Here's an example of Syntax Control in action:
[http://imgur.com/NrseuZV](http://imgur.com/NrseuZV)

Beside the naiveness of the core functionality, notice also how naive the
tagging is. As noted below by bosie, "programming" is marked as a verb in the
phrase "in programming terms", syntactic context be damned. Same for "run-on"
where run is highlighted as a verb too.

P.S Damn, it's even worse than that. All the hard work -- which was not that
hard itself -- was already made by Apple in their CoreText API. According to
the Verge:

"> _the heavy lifting is already baked into Apple’s developer platform. Since
iOS 5 and OS X 10.7, Apple has provided a class called NSLinguisticTagger that
segments natural-language text and labels the text with various bits of
information, including parts of speech_ ".

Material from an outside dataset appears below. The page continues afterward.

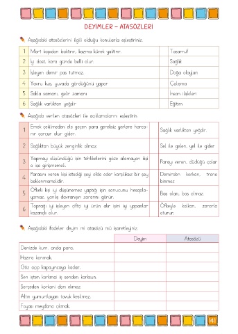 Aşağıdaki atasözlerini ilgili olduğu konularla eşleştiriniz.
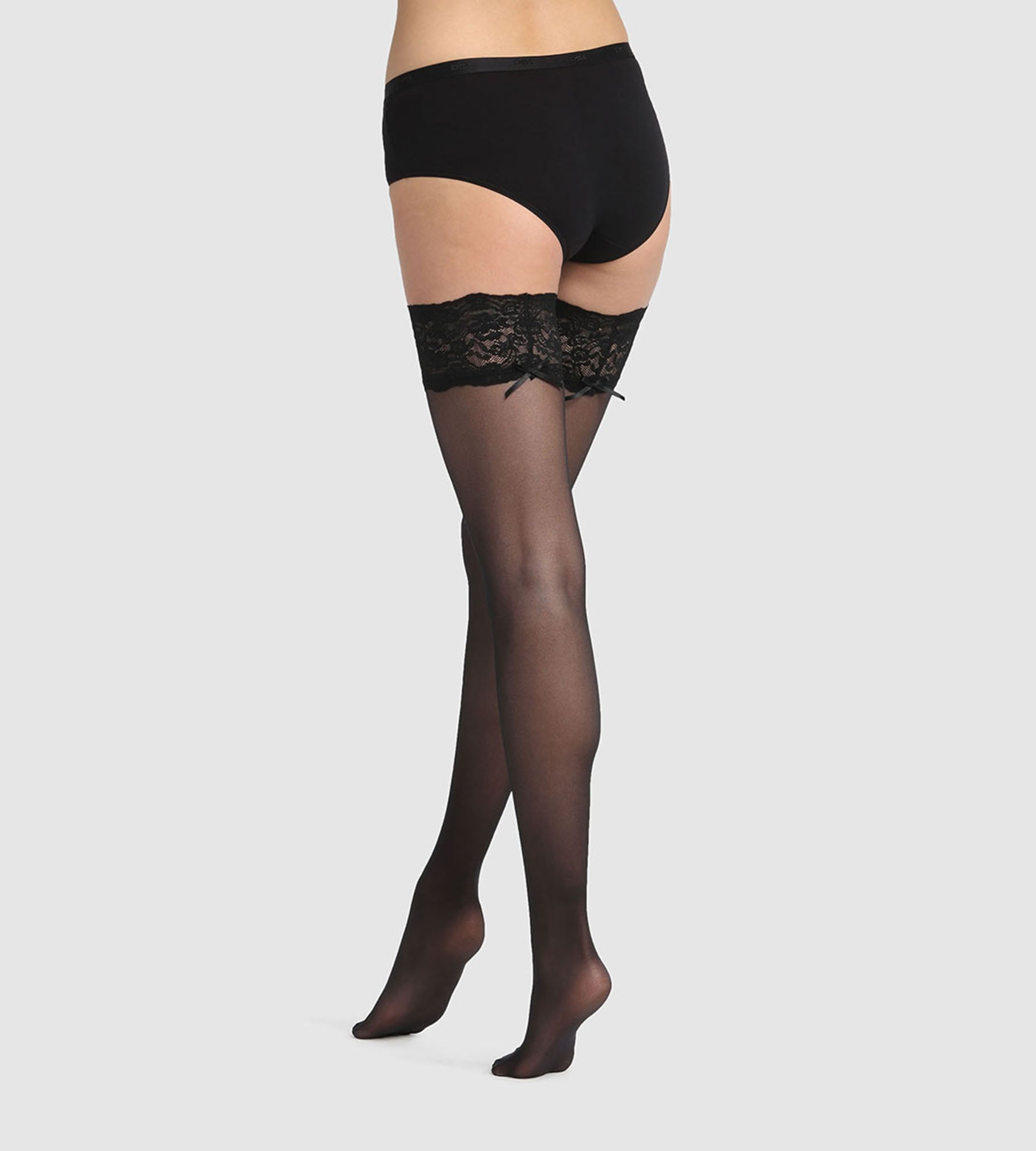 Bring out the big guns with the Dim Up Sexy 25D semi-opaque hold-up stockings with black lace garter!

P.S 2 Now, since Apple itself added the capability to tag parts of speech in
the iOS API, and since this is a very obvious example of using this (Apple
themselves showed something similar in WWDC 2011 IIRC), isn't iA's patent
application essentially like asking to restrict the use of Apple's very
specific API? It would be interesting to see iA's lawyers fight Apple's
lawyers.

P.S 3 This was part of a comment in a sub-thread, but thought it would be more
useful posted at the top level to give everybody an idea of the feature.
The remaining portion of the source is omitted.